In my opinion, the term read-modify-write doesn't make much sense, since modify is just another way of saying write. Quoted from wikipedia (emphasis mine):
In computer science, read-modify-write is a class of atomic operations [...] that both read a memory location and write a new value into it simultaneously [...]
So why not simply read-write? Any delicate semantic difference between the two?
Why it's termed read-modify-write but not read-write?

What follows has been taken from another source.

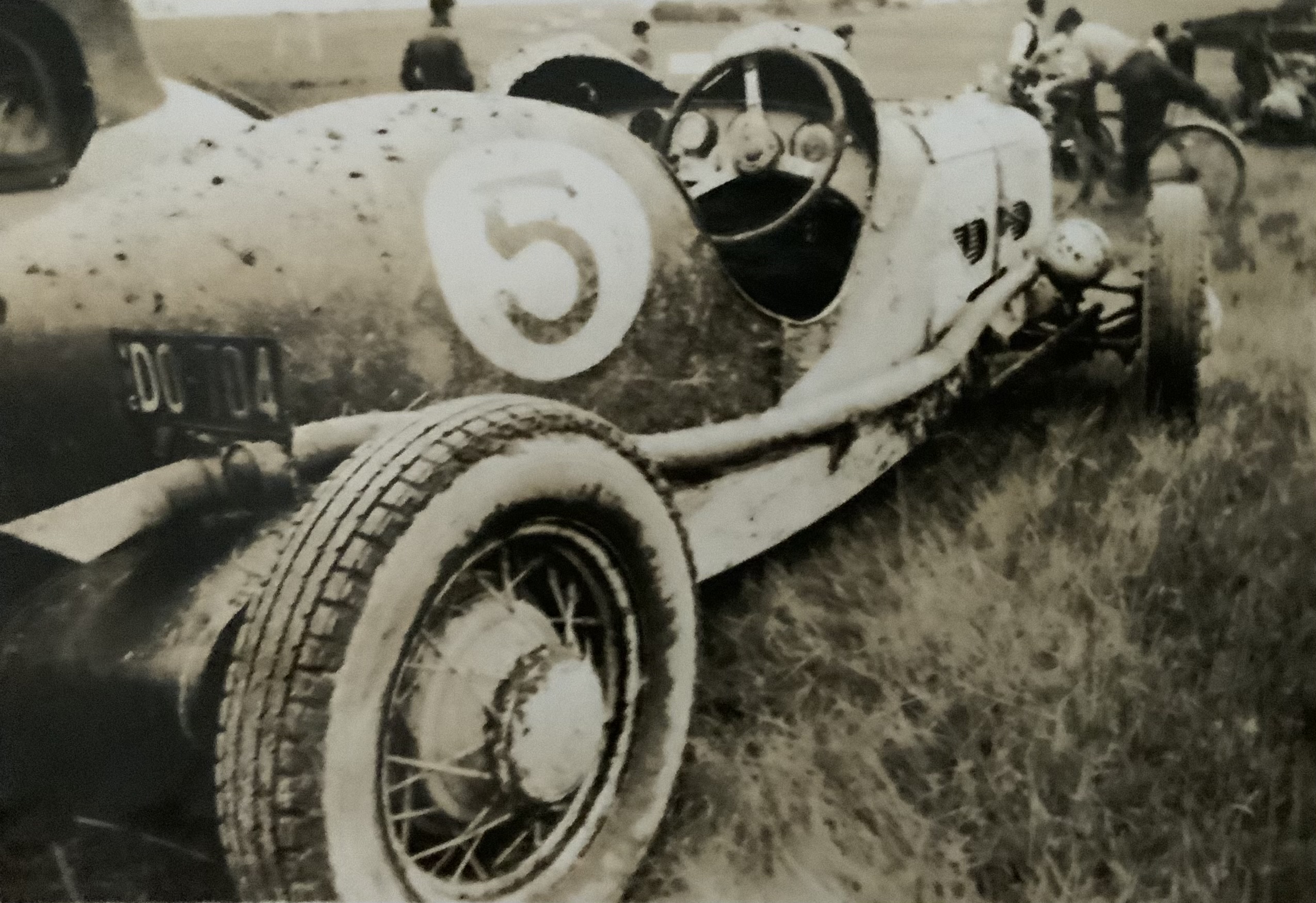 As noted above, the car’s last pre-war meeting was at Wirlinga in 1940. Bob King has this photograph in his collection, the caption on the back lists the racer as Bill Sinclair and the place, Oakleigh in 1942. I can find no Trove reference to this meeting at what is now a southern suburb of Melbourne. It appears as though the car is running the same number/roundel combination from Wirlinga, quite probably untouched. If anybody has information about the event do get in touch.

Because that is exactly the sequence of events on a typical architecture such as X86
.
In order to create the perception of atomicity, the cache line is locked between the read
and the write
operation.
For example, incrementing a C++ atomic variable:
g.fetch_add(1);
Is compiled by gcc
into:
0x00000000004006c0 <+0>: lock addl $0x1,0x200978(%rip) # 0x601040 <g>
Despite being a single instruction, addl
is not atomic by itself.
The lock
prefix is necessary to guarantee that the updated register value is written back to the cache line before it can be accessed by other cores
(the store buffer is flushed, but bypassed for RMW operations).
The MESI
cache coherence protocol ensures that all cores observe the updated memory value after the lock on the cache line has been released.
This guarantees that all threads observe the latest value in the modification order which is required for RMW operations by the C++ standard.